I’ve recorded thousands of hours of video over the years of my career and I can tell you that it takes a lot of preparation, work and energy. I can also tell you that if you use an AI avatar video generator like HeyGen, you hardly need any of the above, and that scares the hell out of me.
With the advent of high-quality generative video, these AI video avatars are popping up everywhere. I haven’t paid much attention to it, mainly because I like being in front of the camera and doing it for TV and social video. Still, I know that not everyone likes the spotlight and would happily hand the duties over to an avatar, and when I got a glimpse of the apparent quality of HeyGen’s avatars, I was intrigued enough to give it a try. Now I honestly wish I hadn’t.
HeyGen, which you can use on mobile or desktop, is a simple and powerful platform for creating AI avatars that can speak to the camera for you, based on scripts you supply. They’re useful for video presentations, social media, interactive avatars, training videos, and basically anything where an attractive human face can help sell the topic or information.

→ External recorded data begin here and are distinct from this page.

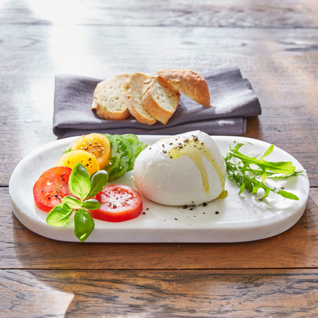 Einzigartig im Geschmack und von einer wunderbaren Cremigkeit ist der Mozzarella di Bufala Campana D. O. P.. Die feine Delikatesse wird aus der Milch freilebender italienischer Wasserbüffel-Weibchen in einer familiären Molkerei in Kampanien gefertigt. Artgerecht leben die Tiere das ganze Jahr über auf saftigen, grünen Wiesen und ernähren sich von frischem Gras, Blumen und Kräutern, ohne Zugabe von Antibiotika oder Hormonen.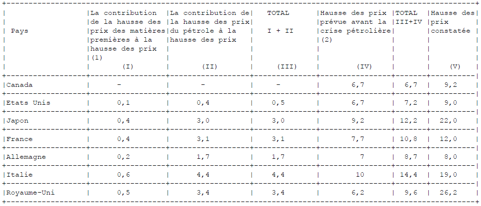 En outre, l’analyse du tableau ci-dessus montre que la hausse de prix observée en 1974-1975 a été beaucoup plus forte à cause de la hausse des prix du pétrole et d’un certain nombre d’éléments qui ont exercé un rôle amplificateur sur l’inflation. Parmi ces éléments, l’auteur évoque la poursuite de la hausse des coûts de salaire et l’explosion salariale dans certains pays.
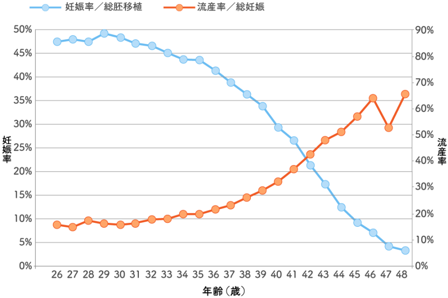 下記のグラフは、年齢ごとの妊娠率と流産率の関係を示しています。このデータから、30歳を過ぎる頃から妊娠率が徐々に低下し始め、特に35歳以降で急激に下がることが明らかです。一方、流産率は30歳を過ぎたあたりから徐々に上がり始め、35歳以降では急激に上昇します。このように、高齢になるほど妊娠の難度が上がるだけでなく、流産のリスクは高くなるのが実情です。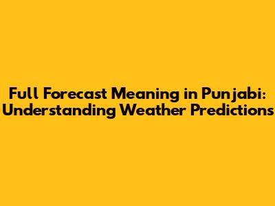 Hey guys! Ever wondered what a “full forecast” really means, especially when you need it in Punjabi? Understanding weather predictions is super important, whether you’re planning a wedding, a farming schedule, or just a day out with your family. Let’s dive deep into understanding weather forecasts and how to interpret them accurately in Punjabi.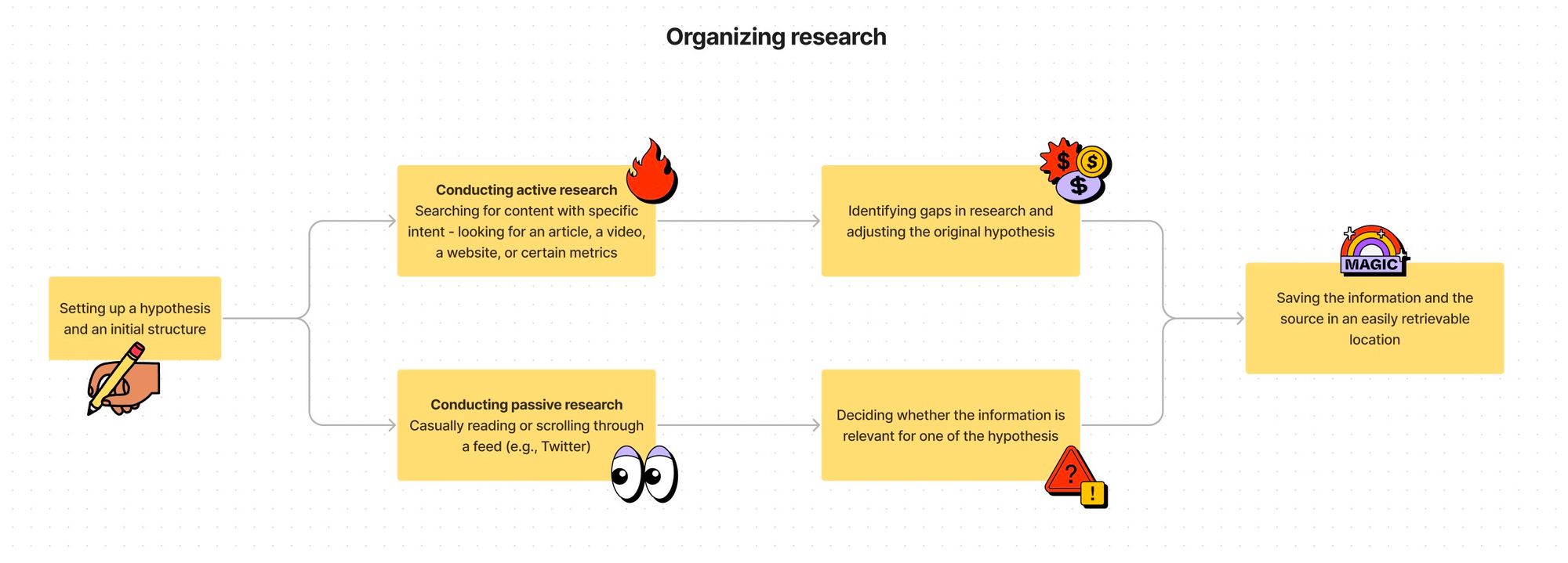 - 🏋️♂️ Too much effort: Users feel the effort that they have to put in organising information increases exponentially with the depth of research. Some feel that organising research is harder than the actual process of conducting research – they feel they might miss out on patterns/insights if they don’t devote enough time. A lot of time is also spent going through what they’d researched, too.
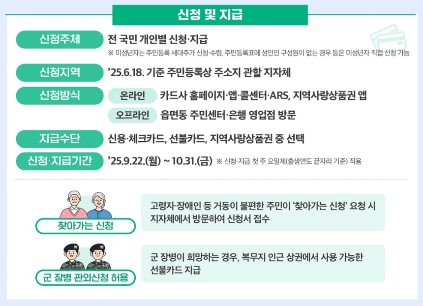 | 신청 후 지급은 언제 되나요? | 신청 완료 후 카드 충전 또는 상품권 발급 등 방식에 따라 시차가 있을 수 있으므로 카드사나 지자체 안내를 참고하세요. |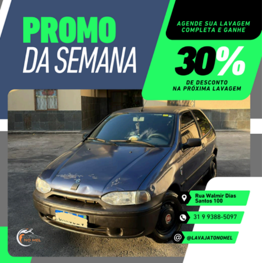 Imagem original Reproduzi "Escolhi a campanha do lavajato do meu bairro por ser um serviço muito presente no cotidiano da comunidade. A peça original trazia um carro como destaque, mas em um enquadramento simples e pouco atrativo. Na minha recriação, utilizei uma fotografia feita por mim, explorando a iluminação natural e o reflexo da lataria para transmitir sensação de cuidado e limpeza. Além disso, desenvolvi a identidade visual, incluindo a criação da logomarca, e modernizei o layout com cores vibrantes e tipografia de impacto, reforçando a clareza da mensagem promocional. Dessa forma, consegui unir a identidade local com um olhar publicitário mais atual e atrativo.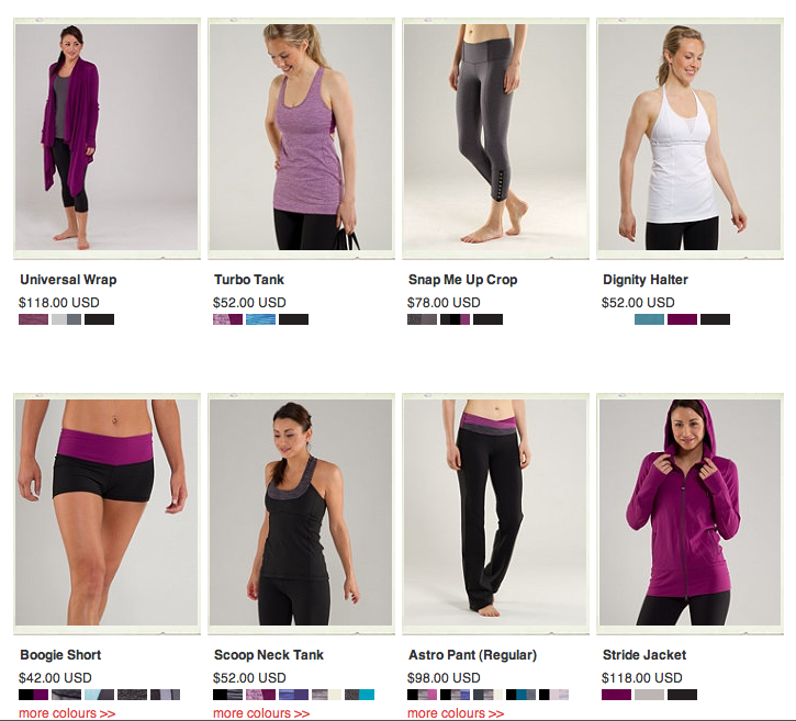 We’ve seen this color on an item before as a secondary detail color (can’t remember what) but the color is so pretty. I’d love to see this in a Sing Floss Travel Jacket or a Cool Racerback Tank in Pearl Luxtreme.
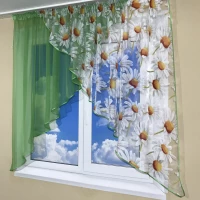 Коротка тюль з ламбрекеном на кухню №418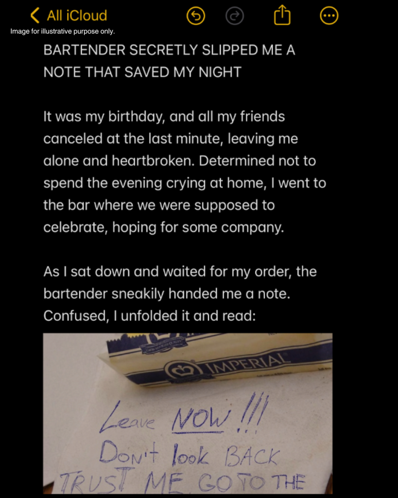 I knew Jake from around town, but we never talked much. He nodded and went to work on my drink. When he returned, instead of handing me a glass, he handed me a folded note.
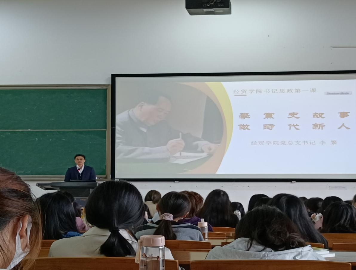 为贯彻落实习近平总书记“七一”重要讲话精神,按照学校党委统一部署,2021年10月22日上午,经济贸易学院党总支书记李繁为2021级国际经济与贸易专业新生精彩讲授了“学党史故事,做时代新人”的思政第一课。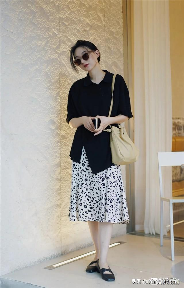 下半身搭黑白豹纹图案半裙,呼应黑白色系的同时,黑白豹纹也成为这套的亮点,却不会太突兀,自腰线呈现出A字版型,在视觉上起到收腰遮跨的作用。

HeyGen lets you create digital twins that can appear in relatively static videos or videos where the other is on the move. For my experience, I chose the ‘Still’ option.
Creating a different me
There are some rules to creating your avatar and I think following them as I did resulted in the slightly off-putting quality of my digital twin.
HeyGen recommends that you start the process by taking a video of yourself with a professional camera or one of your best smartphones, but the video must be at least 1080p. If you use the free version like I did, you’ll notice that the final videos are only 720p. Upgrade later and you can start producing full HD video avatars (more on the pricing structure later).
There are even more guidelines, like using a “nice background,” avoiding harsh shadows and background noise, and a few that are essential for selling the digital twin version of you. HeyGen asked that I look directly (but not creepily, I assume) at the camera, make normal (open to interpretation) gestures below chest height, and take pauses between sentences. The last bit is actually good advice for making real videos. I have a habit of stream-of-consciousness speaking and forget to pause and create clear soundbites for editing.
Here, however, the pauses are not about what you say, at least not for the training video. It seems like it’s about learning to deal with your twin’s face and mouth, when to talk and when not to.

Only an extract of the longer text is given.